### Your instructions
Write out again the entries from the first line to the line that includes "USB, кейс |", keeping both of those lines.

◇ ◇ ◇ ◇ ◇ ◇ ◇

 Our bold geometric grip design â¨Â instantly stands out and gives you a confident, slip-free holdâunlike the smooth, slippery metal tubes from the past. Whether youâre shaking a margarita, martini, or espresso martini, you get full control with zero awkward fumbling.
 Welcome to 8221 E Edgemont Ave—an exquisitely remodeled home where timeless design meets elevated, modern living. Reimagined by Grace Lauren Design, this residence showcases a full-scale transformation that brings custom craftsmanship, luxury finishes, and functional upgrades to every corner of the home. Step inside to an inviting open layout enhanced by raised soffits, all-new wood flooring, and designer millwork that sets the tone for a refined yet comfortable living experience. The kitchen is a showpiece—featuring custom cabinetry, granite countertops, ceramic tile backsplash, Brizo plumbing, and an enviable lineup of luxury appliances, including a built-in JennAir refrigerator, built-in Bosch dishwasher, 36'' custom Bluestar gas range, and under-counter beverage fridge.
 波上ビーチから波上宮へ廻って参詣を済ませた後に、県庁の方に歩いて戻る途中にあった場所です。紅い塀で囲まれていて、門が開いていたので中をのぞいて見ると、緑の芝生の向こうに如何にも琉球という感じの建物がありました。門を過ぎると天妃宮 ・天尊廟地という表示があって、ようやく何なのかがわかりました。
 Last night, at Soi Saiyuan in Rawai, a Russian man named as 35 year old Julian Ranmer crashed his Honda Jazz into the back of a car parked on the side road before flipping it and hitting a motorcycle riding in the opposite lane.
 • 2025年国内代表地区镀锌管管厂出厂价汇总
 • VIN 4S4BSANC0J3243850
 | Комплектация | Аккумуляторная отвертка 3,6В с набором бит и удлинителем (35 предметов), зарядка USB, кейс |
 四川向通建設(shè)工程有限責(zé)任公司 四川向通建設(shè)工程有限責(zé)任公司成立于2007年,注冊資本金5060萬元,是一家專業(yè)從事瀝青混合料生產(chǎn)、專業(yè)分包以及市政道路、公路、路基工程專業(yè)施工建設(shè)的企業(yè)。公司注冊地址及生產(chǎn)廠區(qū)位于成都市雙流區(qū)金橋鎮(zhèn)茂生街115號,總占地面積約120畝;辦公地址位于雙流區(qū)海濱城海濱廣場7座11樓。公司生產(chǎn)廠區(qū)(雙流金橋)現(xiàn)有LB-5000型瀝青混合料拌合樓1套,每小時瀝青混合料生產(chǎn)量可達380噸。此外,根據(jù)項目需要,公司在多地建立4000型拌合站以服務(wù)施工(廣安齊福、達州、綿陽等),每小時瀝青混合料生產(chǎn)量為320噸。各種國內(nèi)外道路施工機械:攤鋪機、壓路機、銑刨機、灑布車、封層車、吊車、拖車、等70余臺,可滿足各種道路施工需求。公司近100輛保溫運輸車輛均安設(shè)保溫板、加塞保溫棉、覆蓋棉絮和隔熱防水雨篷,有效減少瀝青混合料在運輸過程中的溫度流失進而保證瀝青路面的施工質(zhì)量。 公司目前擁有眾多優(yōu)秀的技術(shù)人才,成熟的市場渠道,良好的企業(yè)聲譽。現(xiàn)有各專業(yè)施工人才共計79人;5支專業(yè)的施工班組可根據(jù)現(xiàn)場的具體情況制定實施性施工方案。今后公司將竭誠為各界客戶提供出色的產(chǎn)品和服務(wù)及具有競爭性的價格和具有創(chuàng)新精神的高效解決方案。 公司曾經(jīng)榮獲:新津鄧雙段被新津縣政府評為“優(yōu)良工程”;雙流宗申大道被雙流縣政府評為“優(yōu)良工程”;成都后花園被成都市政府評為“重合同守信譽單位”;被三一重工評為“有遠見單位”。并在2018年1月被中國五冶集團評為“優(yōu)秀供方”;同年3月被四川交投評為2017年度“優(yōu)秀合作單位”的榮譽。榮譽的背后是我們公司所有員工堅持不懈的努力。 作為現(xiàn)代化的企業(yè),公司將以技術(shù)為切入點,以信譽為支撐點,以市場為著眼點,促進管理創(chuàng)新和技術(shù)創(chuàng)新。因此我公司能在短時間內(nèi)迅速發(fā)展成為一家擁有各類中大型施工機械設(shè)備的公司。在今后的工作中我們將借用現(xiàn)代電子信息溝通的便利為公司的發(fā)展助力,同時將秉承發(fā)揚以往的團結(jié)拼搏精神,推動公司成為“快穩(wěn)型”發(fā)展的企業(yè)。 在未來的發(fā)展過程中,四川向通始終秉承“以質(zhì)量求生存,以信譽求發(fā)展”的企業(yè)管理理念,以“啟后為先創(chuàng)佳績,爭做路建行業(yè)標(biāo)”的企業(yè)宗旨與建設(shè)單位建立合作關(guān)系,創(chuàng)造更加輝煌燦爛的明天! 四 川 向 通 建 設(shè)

◇ ◇ ◇ ◇ ◇ ◇ ◇

### Exercise answer
 Our bold geometric grip design â¨Â instantly stands out and gives you a confident, slip-free holdâunlike the smooth, slippery metal tubes from the past. Whether youâre shaking a margarita, martini, or espresso martini, you get full control with zero awkward fumbling.
 Welcome to 8221 E Edgemont Ave—an exquisitely remodeled home where timeless design meets elevated, modern living. Reimagined by Grace Lauren Design, this residence showcases a full-scale transformation that brings custom craftsmanship, luxury finishes, and functional upgrades to every corner of the home. Step inside to an inviting open layout enhanced by raised soffits, all-new wood flooring, and designer millwork that sets the tone for a refined yet comfortable living experience. The kitchen is a showpiece—featuring custom cabinetry, granite countertops, ceramic tile backsplash, Brizo plumbing, and an enviable lineup of luxury appliances, including a built-in JennAir refrigerator, built-in Bosch dishwasher, 36'' custom Bluestar gas range, and under-counter beverage fridge.
 波上ビーチから波上宮へ廻って参詣を済ませた後に、県庁の方に歩いて戻る途中にあった場所です。紅い塀で囲まれていて、門が開いていたので中をのぞいて見ると、緑の芝生の向こうに如何にも琉球という感じの建物がありました。門を過ぎると天妃宮 ・天尊廟地という表示があって、ようやく何なのかがわかりました。
 Last night, at Soi Saiyuan in Rawai, a Russian man named as 35 year old Julian Ranmer crashed his Honda Jazz into the back of a car parked on the side road before flipping it and hitting a motorcycle riding in the opposite lane.
 • 2025年国内代表地区镀锌管管厂出厂价汇总
 • VIN 4S4BSANC0J3243850
 | Комплектация | Аккумуляторная отвертка 3,6В с набором бит и удлинителем (35 предметов), зарядка USB, кейс |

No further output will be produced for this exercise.